- _Your goal_: Make an exact copy, from the records below, of the lines from the line containing "EBS 수능특강 사회탐구영역" to the line containing "Detailed three-day lesson", both lines included, excluding pictures.

- _Provided entries_:
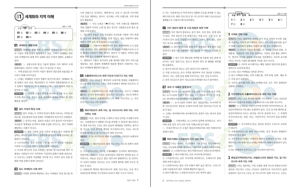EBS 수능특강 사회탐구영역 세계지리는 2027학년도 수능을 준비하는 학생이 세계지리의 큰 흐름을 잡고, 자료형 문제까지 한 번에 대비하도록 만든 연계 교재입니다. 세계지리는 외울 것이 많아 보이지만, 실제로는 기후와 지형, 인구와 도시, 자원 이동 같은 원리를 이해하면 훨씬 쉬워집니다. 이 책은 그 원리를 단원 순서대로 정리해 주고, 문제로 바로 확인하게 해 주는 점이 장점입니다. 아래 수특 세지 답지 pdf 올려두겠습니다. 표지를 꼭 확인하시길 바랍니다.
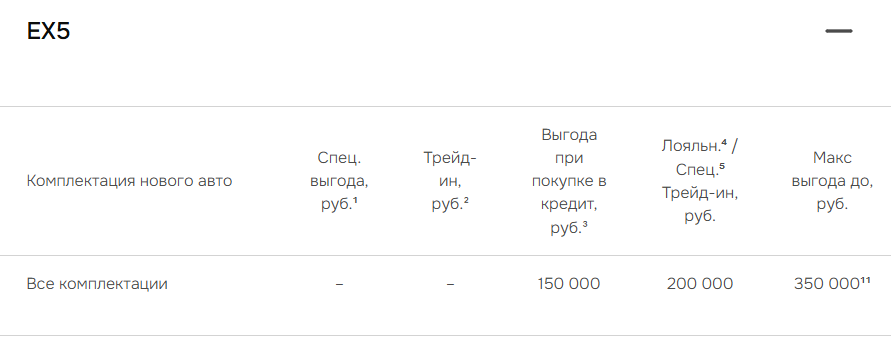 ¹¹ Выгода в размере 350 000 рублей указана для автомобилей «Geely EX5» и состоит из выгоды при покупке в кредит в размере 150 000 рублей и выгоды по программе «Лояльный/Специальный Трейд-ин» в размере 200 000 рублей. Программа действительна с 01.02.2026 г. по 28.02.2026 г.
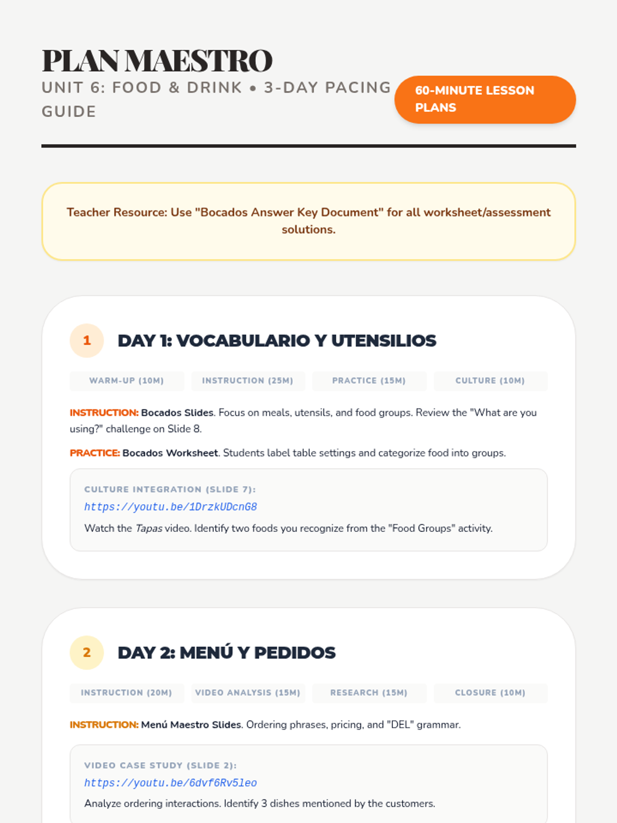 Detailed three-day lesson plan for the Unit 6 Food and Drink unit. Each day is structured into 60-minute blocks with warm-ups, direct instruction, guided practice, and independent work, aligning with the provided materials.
==
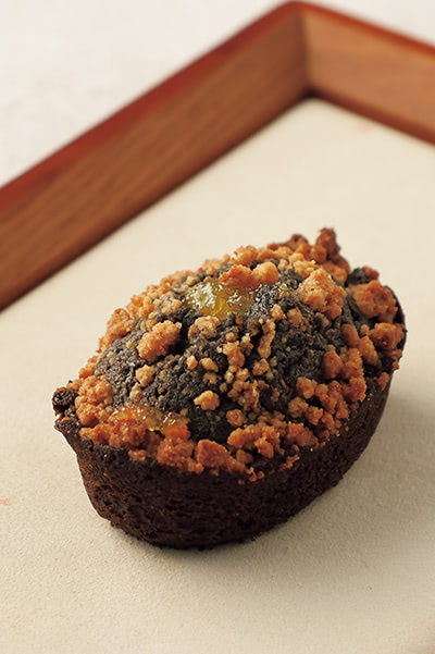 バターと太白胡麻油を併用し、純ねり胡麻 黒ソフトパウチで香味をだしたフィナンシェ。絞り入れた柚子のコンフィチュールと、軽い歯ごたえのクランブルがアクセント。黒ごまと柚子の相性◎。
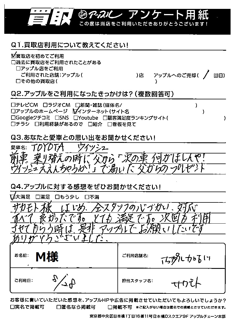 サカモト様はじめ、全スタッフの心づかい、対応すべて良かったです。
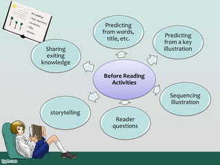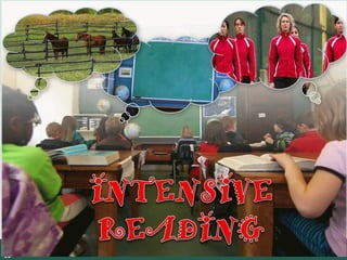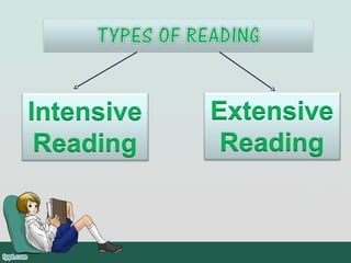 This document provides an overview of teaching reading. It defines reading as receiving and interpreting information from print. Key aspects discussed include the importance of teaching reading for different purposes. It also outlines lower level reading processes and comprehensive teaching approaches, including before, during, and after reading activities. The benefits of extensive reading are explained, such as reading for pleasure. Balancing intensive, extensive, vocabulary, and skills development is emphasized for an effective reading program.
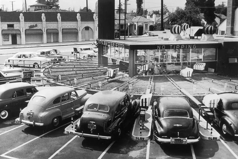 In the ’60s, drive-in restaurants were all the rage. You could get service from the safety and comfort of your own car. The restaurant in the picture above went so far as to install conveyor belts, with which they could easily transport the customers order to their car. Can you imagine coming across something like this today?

- _Written answer_:
EBS 수능특강 사회탐구영역 세계지리는 2027학년도 수능을 준비하는 학생이 세계지리의 큰 흐름을 잡고, 자료형 문제까지 한 번에 대비하도록 만든 연계 교재입니다. 세계지리는 외울 것이 많아 보이지만, 실제로는 기후와 지형, 인구와 도시, 자원 이동 같은 원리를 이해하면 훨씬 쉬워집니다. 이 책은 그 원리를 단원 순서대로 정리해 주고, 문제로 바로 확인하게 해 주는 점이 장점입니다. 아래 수특 세지 답지 pdf 올려두겠습니다. 표지를 꼭 확인하시길 바랍니다.
 ¹¹ Выгода в размере 350 000 рублей указана для автомобилей «Geely EX5» и состоит из выгоды при покупке в кредит в размере 150 000 рублей и выгоды по программе «Лояльный/Специальный Трейд-ин» в размере 200 000 рублей. Программа действительна с 01.02.2026 г. по 28.02.2026 г.
 Detailed three-day lesson plan for the Unit 6 Food and Drink unit. Each day is structured into 60-minute blocks with warm-ups, direct instruction, guided practice, and independent work, aligning with the provided materials.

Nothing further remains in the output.